Mesmo que Cunha possa ter deflagrado o impeachment para retaliar o PT, que lhe negou os três votos do partido no Conselho de Ética, sua participação na questão basicamente se esgotou naquele momento. O processo de impeachment passa agora a ser analisado juridicamente pela Câmara dos Deputados, que vai se debruçar sobre as acusações de que Dilma Rousseff violou a lei ao editar decretos para liberar recursos sem aval do Congresso Nacional.

Isso já foi motivo para a rejeição das contas do próprio governo no Tribunal de Contas da União (TCU), mas no universo político do Congresso Nacional, ganhará nova roupagem com a discussão se a liberação indiscriminada de recursos – mais precisamente 18,44 bilhões de reais – configura ou não crime de responsabilidade.
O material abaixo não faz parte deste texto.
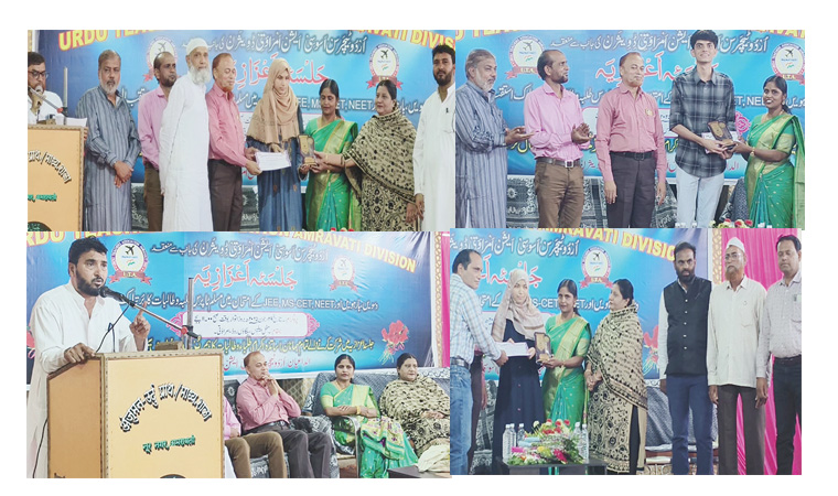 अध्यक्षीय संबोधन में पूर्व शिक्षणाधिकारी डॉ. अब्दुल राजिक ने युटीए के कार्यो की भूरि-भूरि प्रशंसा की. उन्होंने बताया कि, वह खुद इस संगठन के सचिव रहे है. संगठन लगातार बढ भी रहा है. उसके समाज हित के कार्य भी बढ रहे है. नीट परीक्षा में 666 अंक प्राप्त कर पूरे भारत वर्ष में 21 वीं तथा महाराष्ट्र में तीसरी रैक प्राप्त छात्र उम्मेद खान, बडनेरा की 522 अंक प्राप्त छात्रा अलिजा आफताब खान तथा सैफिया स्कूल की छात्रा फाहेका तसनीम नीशाद अहमद ने अपने विचार व्यक्त करते हुए युटीए का आभार माना तथा विद्यार्थियो को खुब परिश्रम कर शिक्षा क्षेत्र में तरक्की हेतु कामना की. कार्यक्रम में लगभग 150 विद्यार्थी अपने अभिभावकों के साथ उपस्थित रहे. पूरे संभाग से आए विद्यार्थियों के लिए नाश्ता और भोजने की व्यवस्था की गई थी, कार्यक्रम का सफल संचालन राईस अहमद ने तथा आभार प्रदर्शन प्रा. मोहम्मद हारिस ने किया विद्यार्थियों का हौसला अफजाई स्वरूप उन्हें स्मृति चिन्ह, ट्रॉफी और प्रमाणपत्र प्रदान किए गए, कार्यक्रम को सफल बनाने युटीए के विभागीय उपाध्यक्ष असरार अहमद, मोहम्मद जावेद, सचिव सादिक नय्यर, काजी, सलाहुद्दीन, कोषाध्यक्ष मोहम्मद नसीम, मोहम्मद गौस, मोहम्मद, हारीस, मोहम्मद अतिकुर्रहमान, शहर अध्यक्ष मोहम्मद नाजिमोद्दीन, इलियास परवेज, एजाज अख्तर, मोहम्मद फेैजान, अबरार , अफराज अहमद, रिजवान खान, समीना सुल्ताना मैंडम, अदनान अहमद, मोहम्मद आरिफ, एजाज उर्फ अज्जू हफीज खान, अंसार अहम्मद, आसिफ खान, हारून शाह, आदि पदाधिकारियों ने परिश्रम किए.

Pela Lei 1079, de 1950, o caso é, sim, de crime de responsabilidade, já que a legislação diz que é ilegal “infringir, patentemente, e de qualquer modo, dispositivo da lei orçamentária” e “ordenar ou autorizar a abertura de crédito em desacordo com os limites estabelecidos pelo Senado Federal, sem fundamento na lei orçamentária ou na de crédito adicional ou com inobservância de prescrição legal”.

Depois de aceita a denúncia contra a presidente, como aconteceu nesta quarta-feira, pouco importa o bate-boca entre Dilma Rousseff e Eduardo Cunha ou a eterna presença do peemedebista no noticiário político-policial. Os indícios de crime de responsabilidade são o fator primordial a ser discutido pela comissão especial de 65 deputados, a ser instalada para dar parecer sobre a deposição da presidente, e pelos deputados em plenário. Caso o processo tenha seguimento, Dilma será julgada pelo plenário do Senado, em sessões comandadas pelo presidente do Supremo Tribunal Federal.

O único precedente da história democrática brasileira sobre a deposição de um mandatário eleito tem pouco mais de vinte anos. No breve governo Fernando Collor de Mello, em 1992, a Câmara dos Deputados aprovou o impeachment do presidente por crime de responsabilidade e o Senado o condenou a ficar afastado de funções públicas por oito anos mesmo depois de ele ter renunciado para tentar paralisar o processo. No caso Collor, o pedido de impeachment foi aprovado na Câmara 28 dias depois de apresentado formalmente ao Congresso. No Senado, uma votação relâmpago de duas horas sepultou o governo e baniu o presidente.